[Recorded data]
-.-.-
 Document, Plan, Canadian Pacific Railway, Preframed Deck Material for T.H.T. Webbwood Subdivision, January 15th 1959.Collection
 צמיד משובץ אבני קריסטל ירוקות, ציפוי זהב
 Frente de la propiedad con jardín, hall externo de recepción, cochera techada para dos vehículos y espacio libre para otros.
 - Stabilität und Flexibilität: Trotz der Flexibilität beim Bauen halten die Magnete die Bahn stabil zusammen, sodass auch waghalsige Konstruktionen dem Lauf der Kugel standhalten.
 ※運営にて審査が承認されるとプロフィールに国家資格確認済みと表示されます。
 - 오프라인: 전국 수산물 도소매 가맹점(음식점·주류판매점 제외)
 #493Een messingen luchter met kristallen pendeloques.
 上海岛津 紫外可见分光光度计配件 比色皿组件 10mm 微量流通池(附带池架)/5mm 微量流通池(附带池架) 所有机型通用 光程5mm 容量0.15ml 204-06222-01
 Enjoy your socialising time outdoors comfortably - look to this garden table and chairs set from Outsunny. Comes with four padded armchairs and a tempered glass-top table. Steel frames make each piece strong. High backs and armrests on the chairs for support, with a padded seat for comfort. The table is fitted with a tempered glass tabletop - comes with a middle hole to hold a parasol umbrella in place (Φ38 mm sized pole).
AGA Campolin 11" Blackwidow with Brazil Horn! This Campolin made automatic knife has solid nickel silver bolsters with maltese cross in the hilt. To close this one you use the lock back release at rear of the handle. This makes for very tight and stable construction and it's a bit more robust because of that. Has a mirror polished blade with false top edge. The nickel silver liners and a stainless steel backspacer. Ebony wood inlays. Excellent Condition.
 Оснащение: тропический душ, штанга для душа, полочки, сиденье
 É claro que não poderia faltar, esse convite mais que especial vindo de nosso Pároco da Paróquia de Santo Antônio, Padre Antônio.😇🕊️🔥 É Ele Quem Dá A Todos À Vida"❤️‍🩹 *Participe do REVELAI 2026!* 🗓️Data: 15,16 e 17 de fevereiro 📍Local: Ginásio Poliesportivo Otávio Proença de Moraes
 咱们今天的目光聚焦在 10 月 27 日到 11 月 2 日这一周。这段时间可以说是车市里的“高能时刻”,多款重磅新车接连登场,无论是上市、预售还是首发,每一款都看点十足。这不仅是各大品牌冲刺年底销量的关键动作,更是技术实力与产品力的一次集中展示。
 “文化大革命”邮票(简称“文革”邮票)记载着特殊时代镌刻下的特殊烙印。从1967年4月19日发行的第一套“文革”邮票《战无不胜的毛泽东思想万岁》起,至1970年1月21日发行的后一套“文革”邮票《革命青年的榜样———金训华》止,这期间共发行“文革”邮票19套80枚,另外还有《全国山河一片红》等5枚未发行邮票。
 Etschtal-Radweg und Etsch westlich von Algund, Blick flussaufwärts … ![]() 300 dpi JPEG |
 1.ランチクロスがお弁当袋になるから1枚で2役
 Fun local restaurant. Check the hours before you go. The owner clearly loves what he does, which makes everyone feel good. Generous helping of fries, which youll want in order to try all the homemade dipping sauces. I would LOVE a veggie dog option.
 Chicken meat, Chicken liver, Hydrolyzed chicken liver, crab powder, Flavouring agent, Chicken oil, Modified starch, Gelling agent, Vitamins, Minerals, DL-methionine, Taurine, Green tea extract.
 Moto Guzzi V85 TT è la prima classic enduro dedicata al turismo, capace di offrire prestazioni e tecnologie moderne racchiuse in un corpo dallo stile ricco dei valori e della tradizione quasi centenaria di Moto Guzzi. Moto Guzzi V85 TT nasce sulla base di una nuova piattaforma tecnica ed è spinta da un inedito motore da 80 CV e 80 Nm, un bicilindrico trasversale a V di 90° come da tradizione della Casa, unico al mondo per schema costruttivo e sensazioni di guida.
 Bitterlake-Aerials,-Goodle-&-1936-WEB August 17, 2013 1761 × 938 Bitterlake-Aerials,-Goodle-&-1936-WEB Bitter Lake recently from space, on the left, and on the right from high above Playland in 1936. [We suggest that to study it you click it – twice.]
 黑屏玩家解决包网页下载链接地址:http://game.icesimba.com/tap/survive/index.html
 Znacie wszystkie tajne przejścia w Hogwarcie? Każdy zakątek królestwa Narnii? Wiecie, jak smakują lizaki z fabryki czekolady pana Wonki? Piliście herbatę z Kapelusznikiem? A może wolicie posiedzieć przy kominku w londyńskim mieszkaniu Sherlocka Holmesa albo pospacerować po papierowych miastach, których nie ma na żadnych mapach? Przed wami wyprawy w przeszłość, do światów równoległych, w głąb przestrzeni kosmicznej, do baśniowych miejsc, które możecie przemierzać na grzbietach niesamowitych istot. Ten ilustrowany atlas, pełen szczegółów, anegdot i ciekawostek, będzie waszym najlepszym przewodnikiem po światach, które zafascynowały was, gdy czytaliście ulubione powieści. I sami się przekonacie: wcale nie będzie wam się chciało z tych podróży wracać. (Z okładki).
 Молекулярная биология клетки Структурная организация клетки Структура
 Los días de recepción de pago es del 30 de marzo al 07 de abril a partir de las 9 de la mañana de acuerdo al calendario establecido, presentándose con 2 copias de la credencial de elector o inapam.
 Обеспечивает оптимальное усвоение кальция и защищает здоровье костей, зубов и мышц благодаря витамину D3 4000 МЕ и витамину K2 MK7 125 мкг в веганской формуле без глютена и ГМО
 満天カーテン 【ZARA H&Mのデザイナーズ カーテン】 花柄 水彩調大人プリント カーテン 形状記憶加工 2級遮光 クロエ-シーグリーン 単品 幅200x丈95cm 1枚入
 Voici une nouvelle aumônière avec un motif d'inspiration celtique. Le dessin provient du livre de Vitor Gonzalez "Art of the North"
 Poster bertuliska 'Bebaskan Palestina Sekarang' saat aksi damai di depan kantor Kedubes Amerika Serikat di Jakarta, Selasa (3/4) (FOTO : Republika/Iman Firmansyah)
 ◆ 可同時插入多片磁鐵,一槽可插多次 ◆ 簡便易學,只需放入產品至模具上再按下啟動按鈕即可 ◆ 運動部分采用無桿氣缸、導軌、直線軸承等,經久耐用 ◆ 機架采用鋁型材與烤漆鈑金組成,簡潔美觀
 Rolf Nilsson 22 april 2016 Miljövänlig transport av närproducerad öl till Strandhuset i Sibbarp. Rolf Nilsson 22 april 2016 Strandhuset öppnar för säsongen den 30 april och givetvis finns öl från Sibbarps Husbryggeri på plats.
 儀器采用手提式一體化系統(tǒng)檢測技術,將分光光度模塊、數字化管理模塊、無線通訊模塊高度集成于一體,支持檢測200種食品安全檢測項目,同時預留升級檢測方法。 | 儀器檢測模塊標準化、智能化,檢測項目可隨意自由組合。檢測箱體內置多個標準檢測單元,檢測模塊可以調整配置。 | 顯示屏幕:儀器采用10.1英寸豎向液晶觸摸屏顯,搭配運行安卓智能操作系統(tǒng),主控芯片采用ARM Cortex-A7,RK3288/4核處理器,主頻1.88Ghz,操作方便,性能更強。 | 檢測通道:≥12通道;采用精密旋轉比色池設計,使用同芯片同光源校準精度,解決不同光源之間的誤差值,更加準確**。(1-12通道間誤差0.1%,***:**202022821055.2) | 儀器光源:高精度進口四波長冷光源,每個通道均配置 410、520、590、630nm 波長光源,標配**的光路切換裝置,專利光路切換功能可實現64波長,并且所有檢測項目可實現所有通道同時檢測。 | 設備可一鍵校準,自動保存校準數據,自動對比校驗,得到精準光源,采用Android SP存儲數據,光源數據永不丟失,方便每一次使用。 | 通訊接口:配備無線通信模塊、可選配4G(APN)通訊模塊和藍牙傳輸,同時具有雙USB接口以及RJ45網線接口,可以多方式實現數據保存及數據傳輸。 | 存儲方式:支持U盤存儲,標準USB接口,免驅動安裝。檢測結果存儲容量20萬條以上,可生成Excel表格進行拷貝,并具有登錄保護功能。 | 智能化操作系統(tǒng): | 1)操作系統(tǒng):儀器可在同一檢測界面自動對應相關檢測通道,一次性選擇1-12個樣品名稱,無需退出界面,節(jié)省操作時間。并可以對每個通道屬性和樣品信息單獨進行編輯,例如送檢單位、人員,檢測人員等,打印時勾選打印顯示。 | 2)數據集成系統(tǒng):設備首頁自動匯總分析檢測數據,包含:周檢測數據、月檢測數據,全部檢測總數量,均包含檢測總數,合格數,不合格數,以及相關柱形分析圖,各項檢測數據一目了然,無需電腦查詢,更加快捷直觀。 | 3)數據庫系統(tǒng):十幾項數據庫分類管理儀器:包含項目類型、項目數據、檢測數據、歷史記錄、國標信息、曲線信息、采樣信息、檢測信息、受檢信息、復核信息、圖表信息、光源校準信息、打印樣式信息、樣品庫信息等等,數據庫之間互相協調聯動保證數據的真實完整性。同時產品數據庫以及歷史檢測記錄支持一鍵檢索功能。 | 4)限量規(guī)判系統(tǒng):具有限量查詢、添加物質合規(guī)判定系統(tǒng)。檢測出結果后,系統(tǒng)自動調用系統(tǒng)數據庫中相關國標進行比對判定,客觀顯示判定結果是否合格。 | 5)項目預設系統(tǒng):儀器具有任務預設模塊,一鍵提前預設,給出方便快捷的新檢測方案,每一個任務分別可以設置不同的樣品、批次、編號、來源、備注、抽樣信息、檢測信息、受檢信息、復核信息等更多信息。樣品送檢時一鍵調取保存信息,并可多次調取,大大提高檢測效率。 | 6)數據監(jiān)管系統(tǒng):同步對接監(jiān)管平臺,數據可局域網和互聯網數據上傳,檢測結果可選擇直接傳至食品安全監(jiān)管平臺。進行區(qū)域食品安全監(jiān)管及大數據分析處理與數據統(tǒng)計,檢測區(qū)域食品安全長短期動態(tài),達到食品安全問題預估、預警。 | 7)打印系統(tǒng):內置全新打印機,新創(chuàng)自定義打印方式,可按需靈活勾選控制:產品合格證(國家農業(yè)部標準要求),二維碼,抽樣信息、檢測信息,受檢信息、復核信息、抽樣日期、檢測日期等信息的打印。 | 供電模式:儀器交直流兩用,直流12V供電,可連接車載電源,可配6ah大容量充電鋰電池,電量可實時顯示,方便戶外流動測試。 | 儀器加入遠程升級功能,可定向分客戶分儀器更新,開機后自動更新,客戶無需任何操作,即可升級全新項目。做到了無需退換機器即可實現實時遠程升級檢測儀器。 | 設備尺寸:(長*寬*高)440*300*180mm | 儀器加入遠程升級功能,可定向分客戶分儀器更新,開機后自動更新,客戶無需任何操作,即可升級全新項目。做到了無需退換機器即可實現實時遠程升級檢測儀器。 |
-.-.-
§ **Exercise instructions**: Using the entries above, give back exactly the line containing "Bitterlake-Aerials,-Goodle-&-1936-WEB August 17, 2013", the line containing "黑屏玩家解决包网页下载链接地", and every line between them, and nothing else.

§ **Result of this exercise**:
 Bitterlake-Aerials,-Goodle-&-1936-WEB August 17, 2013 1761 × 938 Bitterlake-Aerials,-Goodle-&-1936-WEB Bitter Lake recently from space, on the left, and on the right from high above Playland in 1936. [We suggest that to study it you click it – twice.]
 黑屏玩家解决包网页下载链接地址:http://game.icesimba.com/tap/survive/index.html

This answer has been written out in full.